Efficient simulation of discrete galaxy populations and associated radiation fields during the first billion years

Understanding the epochs of cosmic dawn and reionisation requires us to leverage multi-wavelength and multi-tracer observations, with each dataset providing a complimentary piece of the puzzle. To interpret such data, we update the public simulation code, 21cmFASTv4, to include a discrete source model based on stochastic sampling of conditional mass functions and semi-empirical galaxy relations. We demonstrate that our new galaxy model, which parametrizes the means and scatters of well-established scaling relations, is flexible enough to characterize very different predictions from hydrodynamic cosmological simulations of high-redshift galaxies.
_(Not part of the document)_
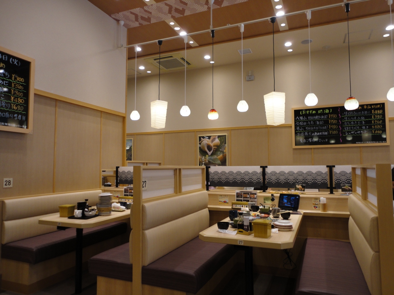 店内に入りやすい構造になっていて、入り口近くにはカウンター席があり、さらに奥にはテーブル席が意外と多くあります。店員さんは皆笑顔で対応してくれて、とても雰囲気がいいです。タッチパネルで注文します。わかりやすい操作で注文できますから、お年寄りでも迷うことなく注文できます。料金はやや高めですが、百円寿司のような貧弱な寿司ではなく、ネタが大きくて新鮮ですから料金に見合うかそれ以上の価値がある寿司を食べることができます。お味噌汁はお代わりができます。一人あたり2000円の予算で6・7皿は食べれます。買い物ついでに美味しい寿司が食べられますから、利用する価値が大だと思います。

Combining a discrete galaxy population with approximate, efficient radiative transfer allows us to self-consistently forward-model galaxy surveys, line intensity maps (LIMs), and observations of the intergalactic medium (IGM). Not only does each observable probe different scales and physical processes, but cross-correlation will maximise the information gained from each measurement by probing the galaxy-IGM connection at high-redshift. We find that a stochastic source field produces significant shot-noise in 21cm and LIM power spectra. Scatter in galaxy properties can be constrained using UV luminosity functions and/or 21cm power spectra, especially if astrophysical scatter is higher than expected (as might be needed to explain recent JWST observations). Our modelling pipeline is both flexible and computationally efficient, facilitating high-dimensional, multi-tracer, field-level Bayesian inference of cosmology and astrophysics during the first billion years.